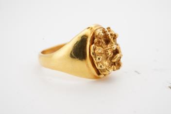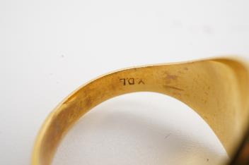 Lot 2958 , A gold signet ring, of textured design, to a tapering polished band, size N, stamped 10K, gross weight approximately 8 grams
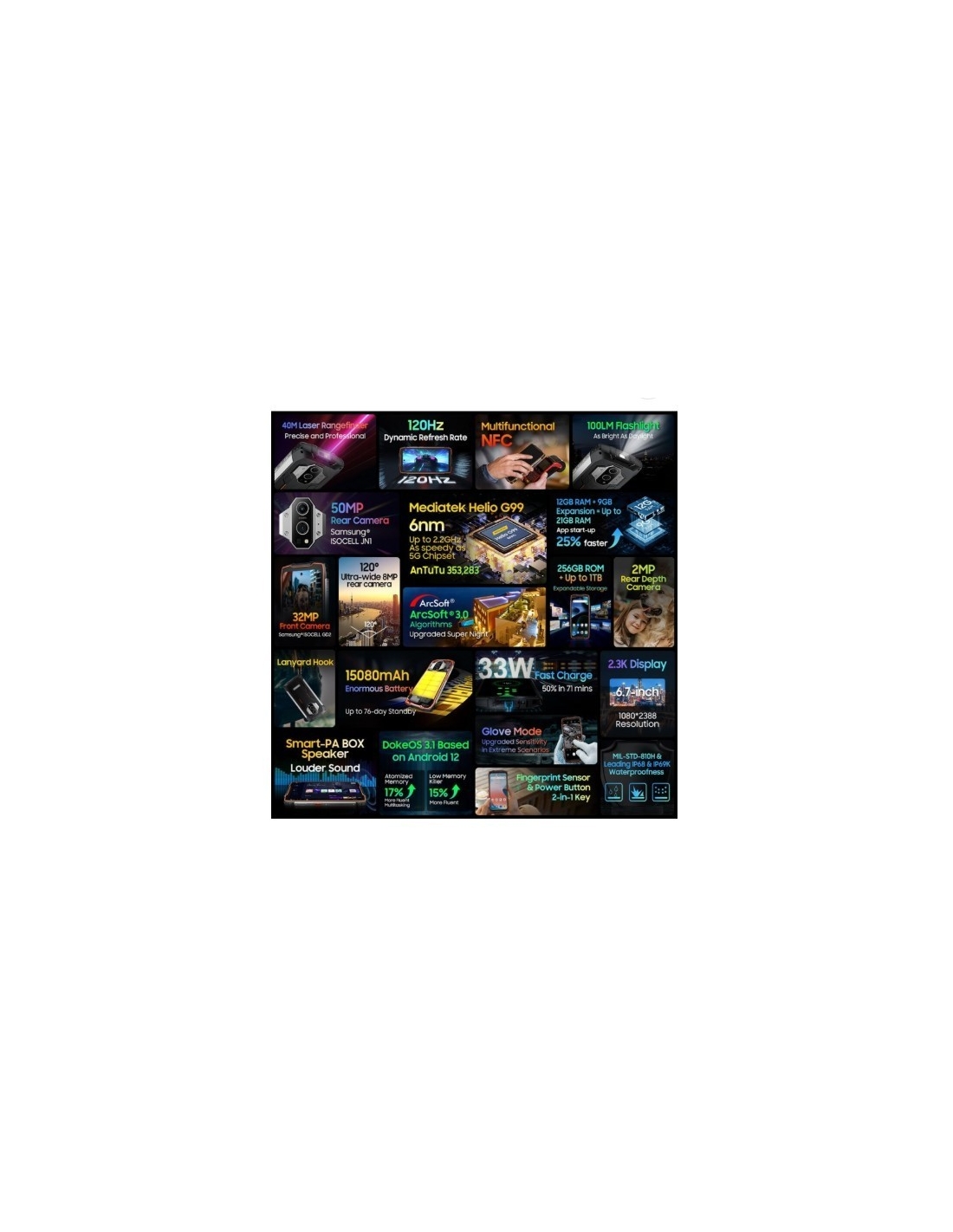 Blackview BV9300 Smartphone robusto 12 GB di RAM 256 GB di ROM 6,7'' FHD 120 Hz
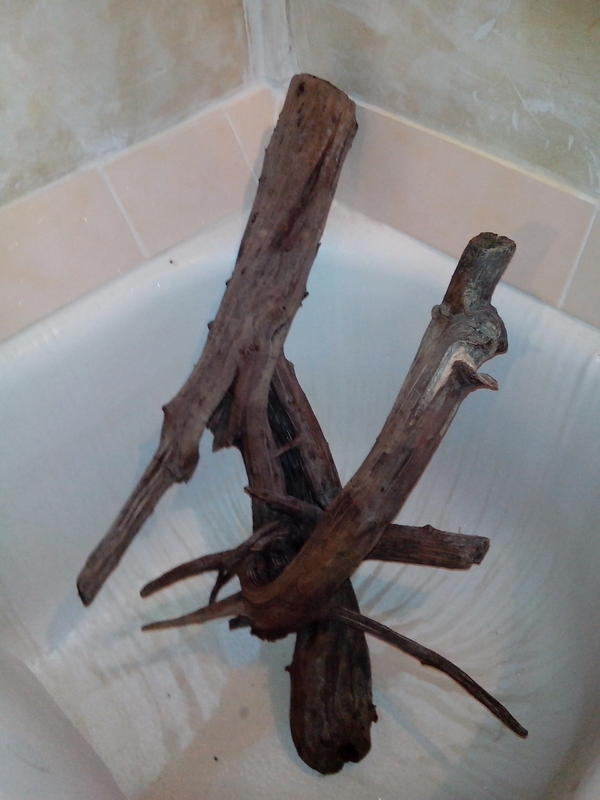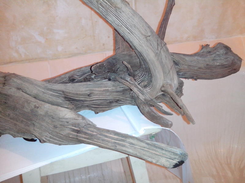 Привязана к камню дабы не всплывала. Два года была в аквариуме фото которого в профиле. Пол года уже лежит на балконе. размер: 70Х42Х45 порода дерева предположительно ива.

→ **About this exercise**
Word for word, print the material above, but without its pictures.

→ **Exercise solution**
 Lot 2958 , A gold signet ring, of textured design, to a tapering polished band, size N, stamped 10K, gross weight approximately 8 grams
 Blackview BV9300 Smartphone robusto 12 GB di RAM 256 GB di ROM 6,7'' FHD 120 Hz
 Привязана к камню дабы не всплывала. Два года была в аквариуме фото которого в профиле. Пол года уже лежит на балконе. размер: 70Х42Х45 порода дерева предположительно ива.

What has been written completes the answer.